Гильермо попробовал поднять товарища — и едва не свалился сам. Положение спас Роман, который, к счастью, мучился сент-эксовским комплексом ответственности за тех, кого приручил; отодвинув Гильермо, он склонился к помирающему низко-низко, к самому его лицу… и что-то такое быстрое, неуловимое там произвел, отчего Марко вскрикнул и сделал попытку вскочить, попытку, которая ни за что не удалась бы, не поддержи его Рома и Гильермо с двух сторон. Тихий ангел Тома собрала в пакет пустые бутылки, мятые салфетки, искала стаканы. Зинаида пыталась помочь, но ничего не видела, потому что из эстетических соображений не надела на гулянку очки, а без них, как выяснилось, ориентировалась в сумерках с трудом.

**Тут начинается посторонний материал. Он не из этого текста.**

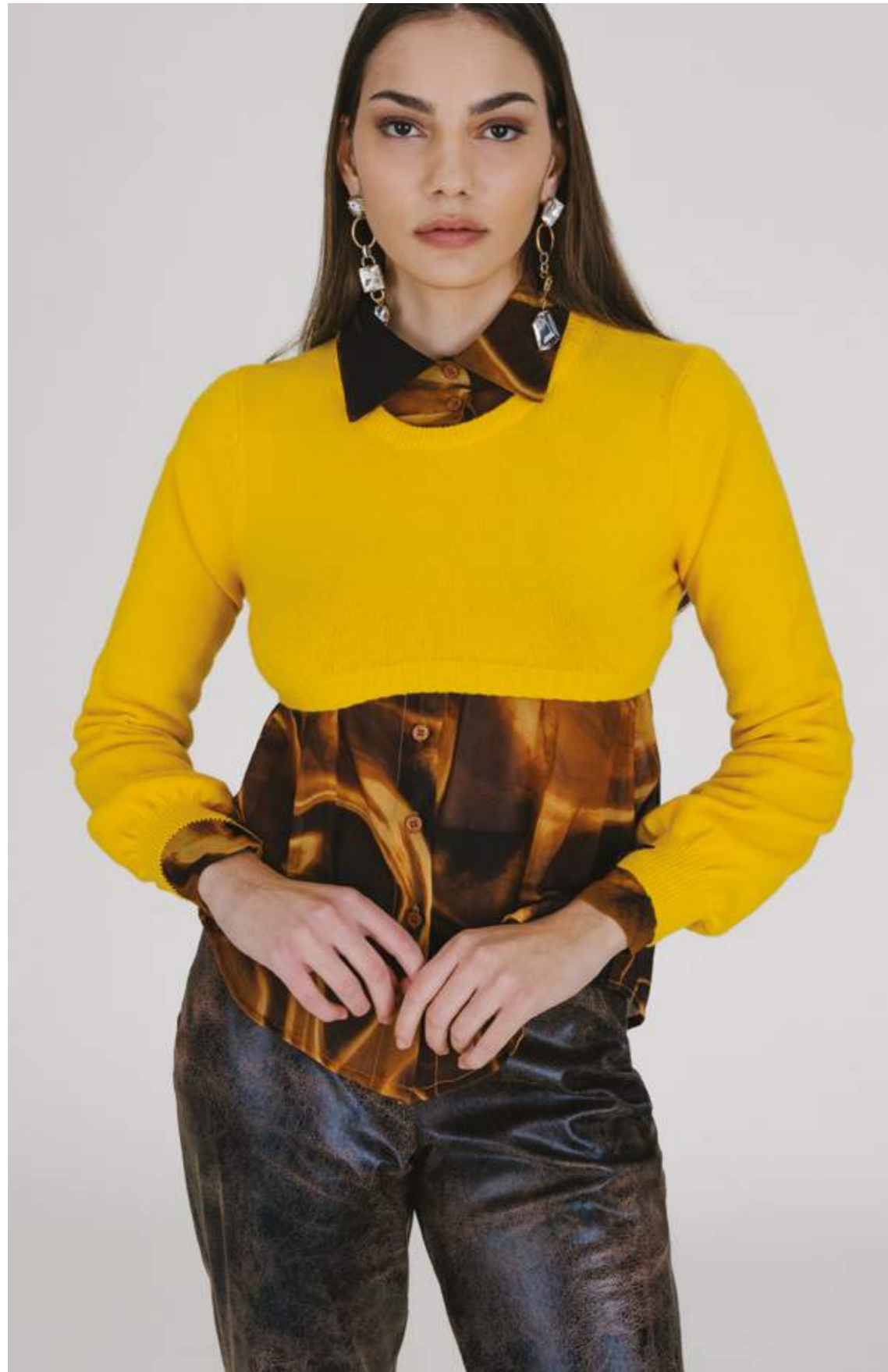
PULLOVER – MLS 339 SENAPE COLORI DISPONIBILI: BRUCIATO – BUBBLE – NERO – PANNA

Андрюха был малопригоден в качестве помощника, зато он мог идти сам, что по нынешним смутным временам уже достижение. Одной рукой он стискивал в кармане штанов драгоценную кассету с «Битлами» — сокровище, подаренное ему Марко в некоторый неопределенный момент пьянки, миг полной любви и интернационального понимания, когда Андрюха, кажется, пел ему Высоцкого про скалолазку, а Марко, кажется, подпевал — о да, подпевал по-русски, от чудодейственного коктейля обретя дар Пятидесятницы, иначе не скажешь. Наушники болтались на шее Томы, это тоже, кажется, был подарок. О том, не подарил ли он кому-нибудь и плеер заодно, Марко будет думать только завтра, и то не с утра. Пока все, что он мог, — это слабо перебирать ногами, одной рукой обхватив за пояс Романа. Вторую его руку Гильермо закинул себе за шею. Совсем немного осталось, совсем немного, потом можно будет расслабиться, потом он позволит себе почувствовать себя так скверно, как оно того стоит. Главное было — ни на миг не закрывать глаза, лучше даже не моргать, потому что тогда адская крутилка становилась стремительной, будто он попал на винт стиральной машины, а роскоши разъезжаться по швам Гильермо сейчас не мог себе позволить.
— Que maudit soit la guerre… Марко, черт вас дери, ногами двигайте…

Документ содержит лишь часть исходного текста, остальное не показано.